- [Material for the task]
□ □ □ □ □

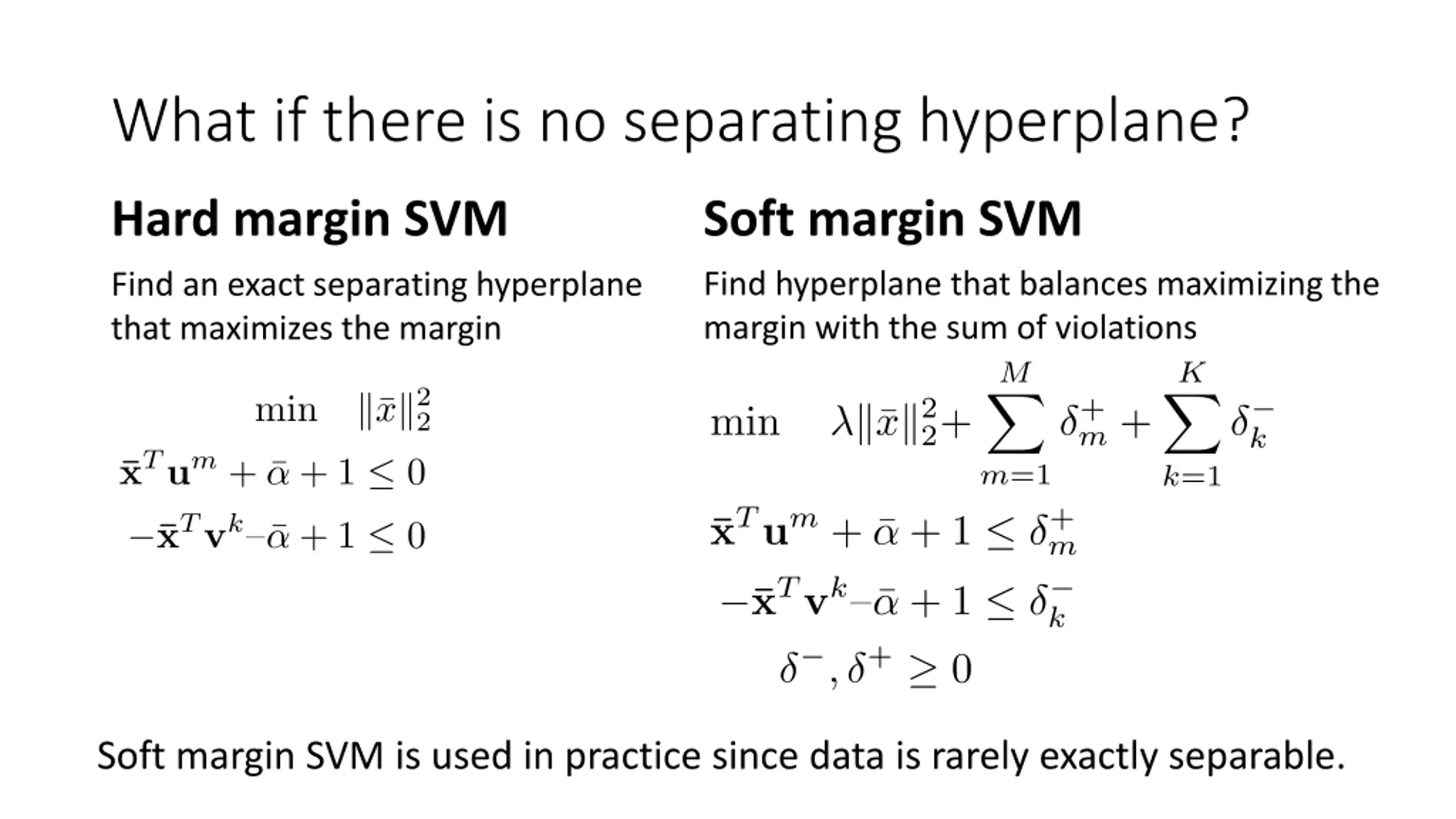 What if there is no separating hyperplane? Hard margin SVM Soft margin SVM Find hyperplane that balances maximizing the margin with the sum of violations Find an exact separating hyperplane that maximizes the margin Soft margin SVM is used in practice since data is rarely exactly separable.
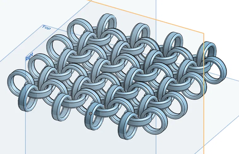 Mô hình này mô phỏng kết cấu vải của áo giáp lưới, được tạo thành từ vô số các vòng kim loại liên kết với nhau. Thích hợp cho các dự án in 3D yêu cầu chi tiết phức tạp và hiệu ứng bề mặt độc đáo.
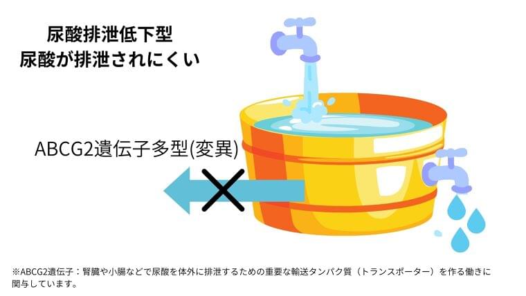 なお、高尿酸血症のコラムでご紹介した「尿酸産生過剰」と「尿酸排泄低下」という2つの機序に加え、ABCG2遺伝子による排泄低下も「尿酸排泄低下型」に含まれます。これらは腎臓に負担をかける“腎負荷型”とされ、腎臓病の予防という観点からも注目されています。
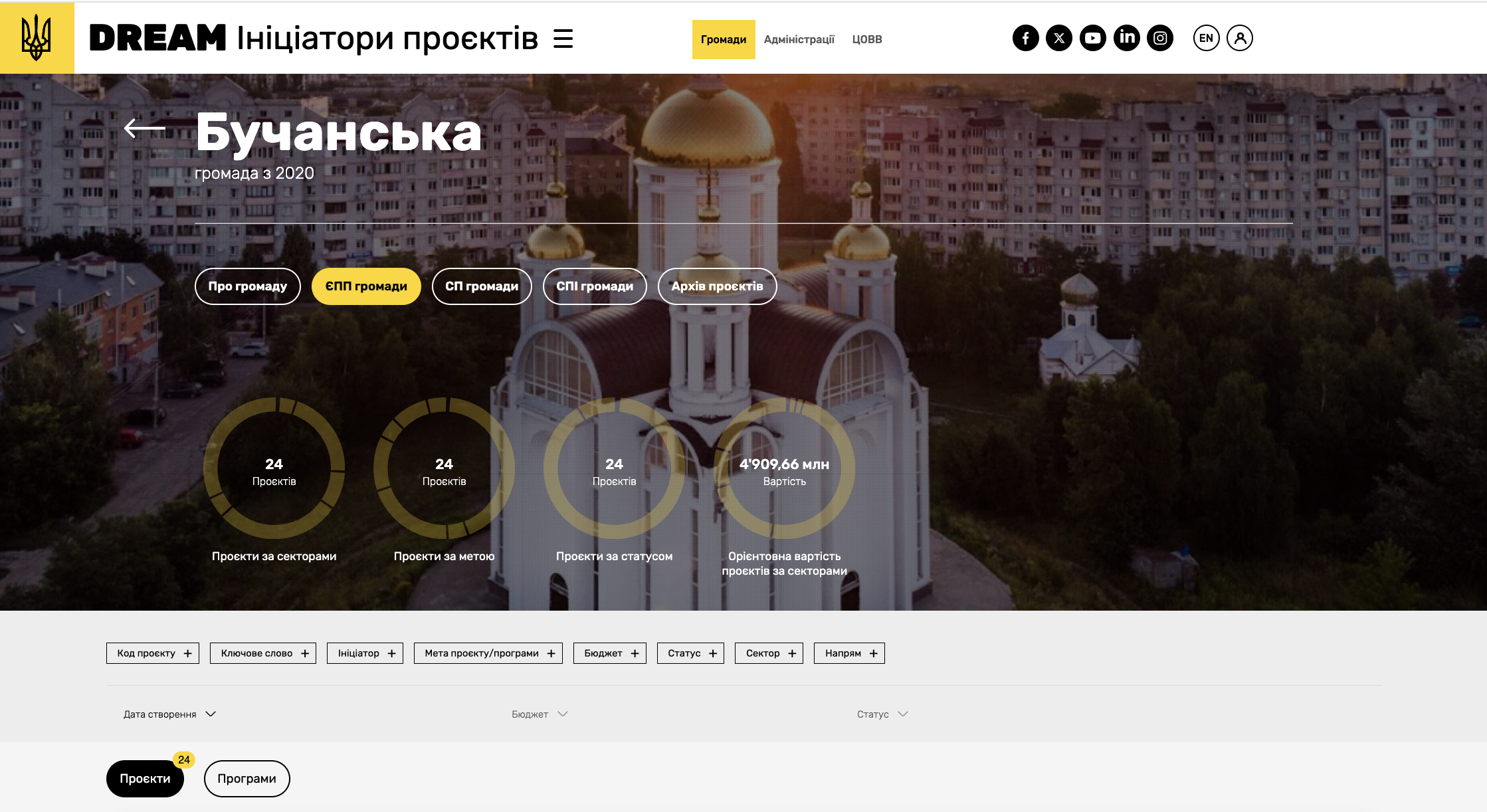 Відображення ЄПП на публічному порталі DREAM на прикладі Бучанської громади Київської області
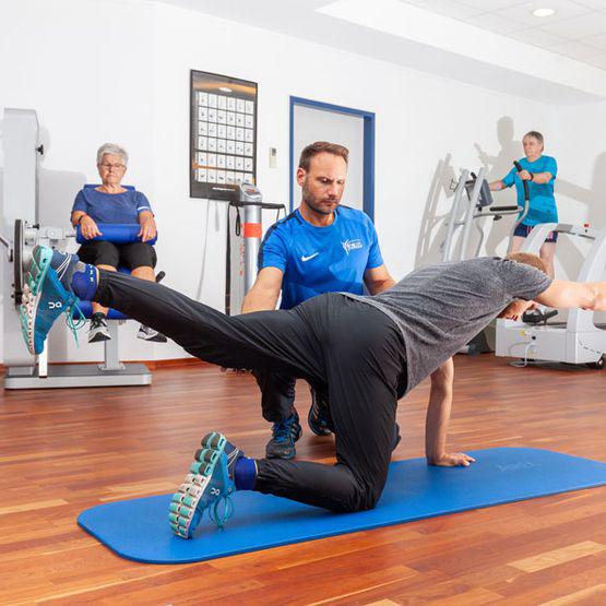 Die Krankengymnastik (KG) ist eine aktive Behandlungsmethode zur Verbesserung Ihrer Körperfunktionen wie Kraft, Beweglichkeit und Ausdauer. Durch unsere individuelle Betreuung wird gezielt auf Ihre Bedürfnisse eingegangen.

□ □ □ □ □

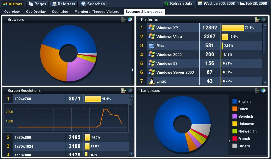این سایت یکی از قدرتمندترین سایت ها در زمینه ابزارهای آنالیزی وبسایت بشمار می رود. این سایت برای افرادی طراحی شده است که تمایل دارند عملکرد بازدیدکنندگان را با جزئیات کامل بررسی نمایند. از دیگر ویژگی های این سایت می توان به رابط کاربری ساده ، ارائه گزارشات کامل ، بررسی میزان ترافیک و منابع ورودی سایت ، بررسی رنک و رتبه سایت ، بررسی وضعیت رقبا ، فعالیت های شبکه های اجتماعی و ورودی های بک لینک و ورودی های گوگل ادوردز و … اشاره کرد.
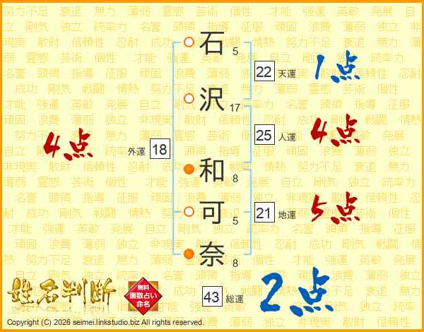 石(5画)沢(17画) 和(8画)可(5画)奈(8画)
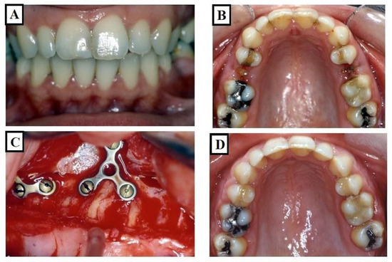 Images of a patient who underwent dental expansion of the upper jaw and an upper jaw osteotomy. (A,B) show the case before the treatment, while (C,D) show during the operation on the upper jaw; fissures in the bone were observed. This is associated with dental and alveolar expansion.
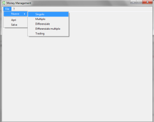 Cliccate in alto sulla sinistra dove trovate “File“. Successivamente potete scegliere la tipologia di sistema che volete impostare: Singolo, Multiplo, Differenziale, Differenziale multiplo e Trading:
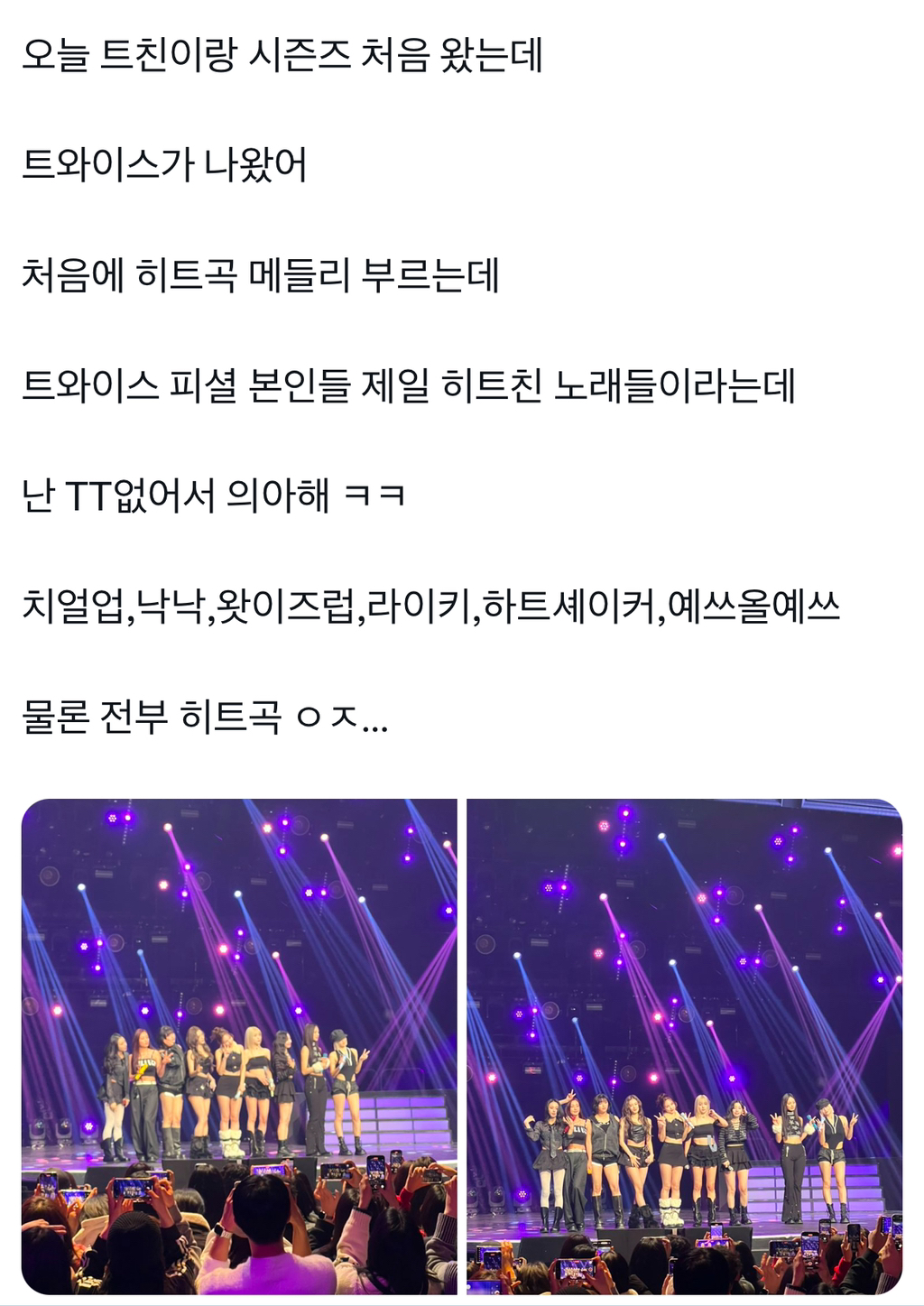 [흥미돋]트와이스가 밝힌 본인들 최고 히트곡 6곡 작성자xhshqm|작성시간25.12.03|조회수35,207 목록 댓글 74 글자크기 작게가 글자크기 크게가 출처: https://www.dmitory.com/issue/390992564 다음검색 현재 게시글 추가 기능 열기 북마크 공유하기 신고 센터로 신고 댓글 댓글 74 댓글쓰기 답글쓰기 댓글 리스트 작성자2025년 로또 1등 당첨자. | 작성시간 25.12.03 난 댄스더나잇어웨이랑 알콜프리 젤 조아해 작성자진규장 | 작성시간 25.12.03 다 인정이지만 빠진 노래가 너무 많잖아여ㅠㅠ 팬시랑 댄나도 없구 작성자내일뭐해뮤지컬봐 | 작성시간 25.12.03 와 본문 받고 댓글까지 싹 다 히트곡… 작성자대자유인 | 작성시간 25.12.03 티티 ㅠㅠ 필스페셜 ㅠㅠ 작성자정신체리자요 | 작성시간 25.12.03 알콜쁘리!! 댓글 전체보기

□ □ □ □ □

- [What to produce] Reproduce exactly the lines above that run from the one with "Mô hình này" to the one with "Die Krankengymnastik (KG)", both included, leaving pictures out.

- [Exercise answer]
 Mô hình này mô phỏng kết cấu vải của áo giáp lưới, được tạo thành từ vô số các vòng kim loại liên kết với nhau. Thích hợp cho các dự án in 3D yêu cầu chi tiết phức tạp và hiệu ứng bề mặt độc đáo.
 なお、高尿酸血症のコラムでご紹介した「尿酸産生過剰」と「尿酸排泄低下」という2つの機序に加え、ABCG2遺伝子による排泄低下も「尿酸排泄低下型」に含まれます。これらは腎臓に負担をかける“腎負荷型”とされ、腎臓病の予防という観点からも注目されています。
 Відображення ЄПП на публічному порталі DREAM на прикладі Бучанської громади Київської області
 Die Krankengymnastik (KG) ist eine aktive Behandlungsmethode zur Verbesserung Ihrer Körperfunktionen wie Kraft, Beweglichkeit und Ausdauer. Durch unsere individuelle Betreuung wird gezielt auf Ihre Bedürfnisse eingegangen.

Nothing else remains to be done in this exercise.